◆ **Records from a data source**
——

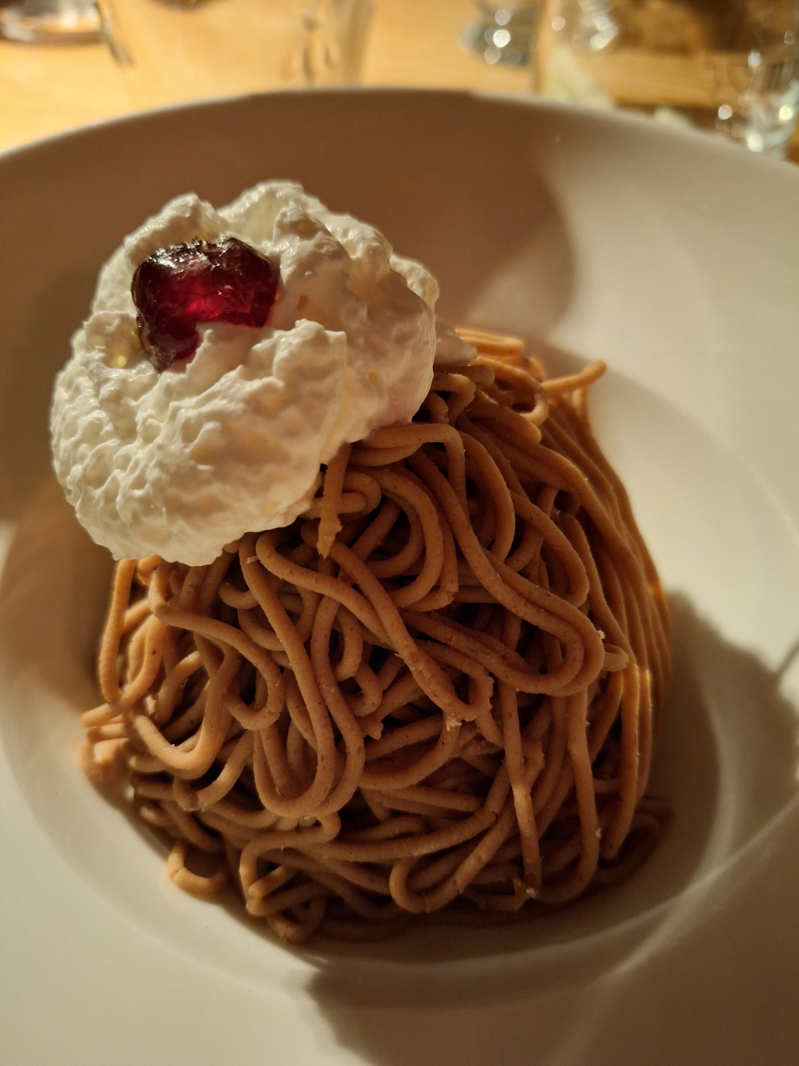 Très belle découverte pour moi ce soir. Le repas était copieux. Une note spéciale pour le dessert la torche au marron spécialité de la maison, qui était très légère et agréable à manger en fin de repas.
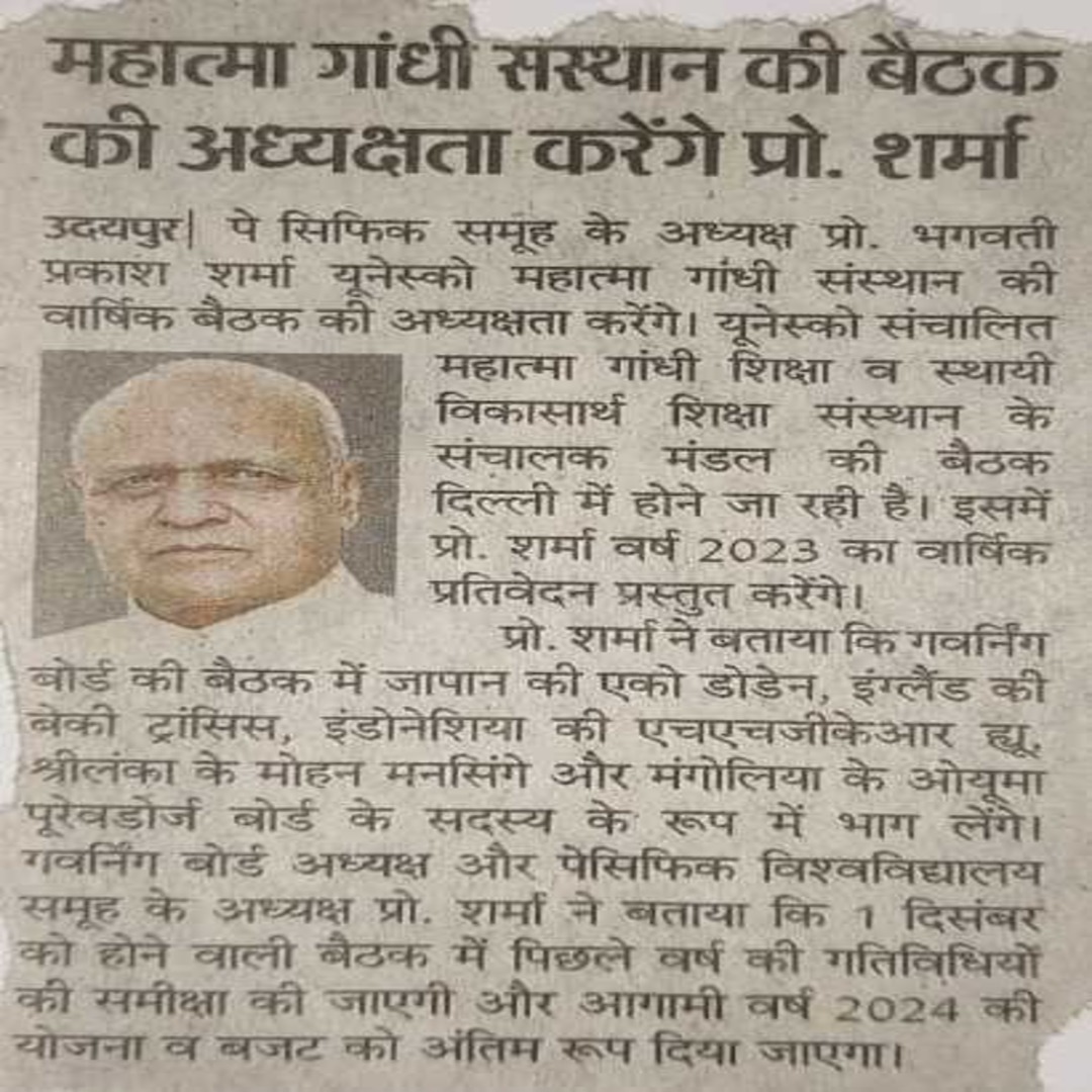 यूनेस्को संचालित महात्मा गांधी शिक्षा व स्थायी विकासार्थ शिक्षा संस्थान’’ के संचालक मण्डल की दिल्ली के इम्पीरियल होटल में आयोजित की जा रही ११वीं वार्षिक बैठक की अध्यक्षता, संस्थान के अध्यक्ष प्रोफेसर भगवती प्रकाश शर्मा करेंगे और वर्ष २०२३ का वार्षिकप्रतिवेदन पुस्तुत करेंगे प्रोफेसर शर्मा ने बतलाया कि गवर्निंग बोर्ड की इस बैठक में जापान की सश्री एको डोडेन इंग्लैण्ड की सुश्री बेकी ट्रांसिस इण्डोनेशिया की सुश्री एच.एच. जी.के.आर. ह्यू, श्रीलंका के मोहन मनसिंगे एवं मंगोलिया के ओयूमा पूरेवडोर्ज बोर्ड के सदस्य के रूप में भाग लेने आ रहे हैं। गवर्निंग बोर्ड अध्यक्ष एवं पेसिफिक विश्वविद्यालय समूह के अध्यक्ष प्रोफेसर भगवती प्रकाश शर्मा ने बताया कि यूनेस्को - महात्मा गांधी इंस्टीट्यूट ऑफ एजूकेषन फॉर पीस एण्ड सस्टेनेबल डेवलपमेण्ट के गवर्निंग बोर्ड में पदेन सदस्य के रूप में भारत सरकार के शिक्षा सचिव संजय के मूर्ति एवं नीपा की कुलपति शशिकला वंजारी भाग लेंगे।
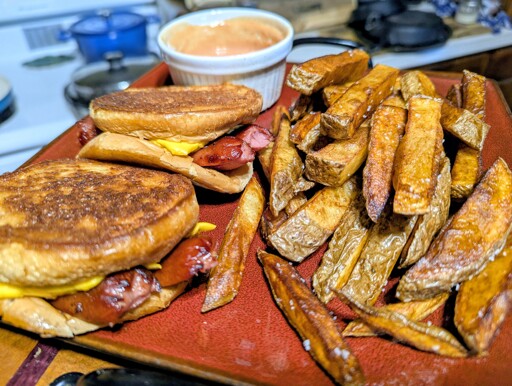 Five guy style twice fried French fries. Hamburger bun grilled cheese with processed cheese food slices, hot dogs from the air fryer. Fry sauce made from mayonnaise, ketchup and malt vinegar.
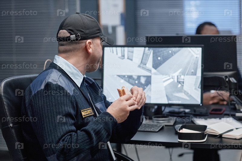 Охранник среднего возраста ест бутерброд, наблюдая за системой видеонаблюдения
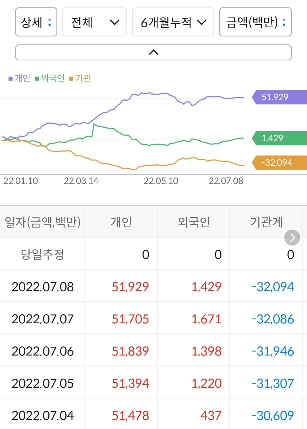 - 개인이 519억 매수, 외국인이 14억 매수, 기관이 320억 매도

——

◆ **Problem statement**
Would you reproduce, exactly and with nothing added, every line from the beginning of the entries above through the line that contains "यूनेस्को संचालित महात्मा", both included, leaving out the pictures?

◆ **Task answer**
 Très belle découverte pour moi ce soir. Le repas était copieux. Une note spéciale pour le dessert la torche au marron spécialité de la maison, qui était très légère et agréable à manger en fin de repas.
 यूनेस्को संचालित महात्मा गांधी शिक्षा व स्थायी विकासार्थ शिक्षा संस्थान’’ के संचालक मण्डल की दिल्ली के इम्पीरियल होटल में आयोजित की जा रही ११वीं वार्षिक बैठक की अध्यक्षता, संस्थान के अध्यक्ष प्रोफेसर भगवती प्रकाश शर्मा करेंगे और वर्ष २०२३ का वार्षिकप्रतिवेदन पुस्तुत करेंगे प्रोफेसर शर्मा ने बतलाया कि गवर्निंग बोर्ड की इस बैठक में जापान की सश्री एको डोडेन इंग्लैण्ड की सुश्री बेकी ट्रांसिस इण्डोनेशिया की सुश्री एच.एच. जी.के.आर. ह्यू, श्रीलंका के मोहन मनसिंगे एवं मंगोलिया के ओयूमा पूरेवडोर्ज बोर्ड के सदस्य के रूप में भाग लेने आ रहे हैं। गवर्निंग बोर्ड अध्यक्ष एवं पेसिफिक विश्वविद्यालय समूह के अध्यक्ष प्रोफेसर भगवती प्रकाश शर्मा ने बताया कि यूनेस्को - महात्मा गांधी इंस्टीट्यूट ऑफ एजूकेषन फॉर पीस एण्ड सस्टेनेबल डेवलपमेण्ट के गवर्निंग बोर्ड में पदेन सदस्य के रूप में भारत सरकार के शिक्षा सचिव संजय के मूर्ति एवं नीपा की कुलपति शशिकला वंजारी भाग लेंगे।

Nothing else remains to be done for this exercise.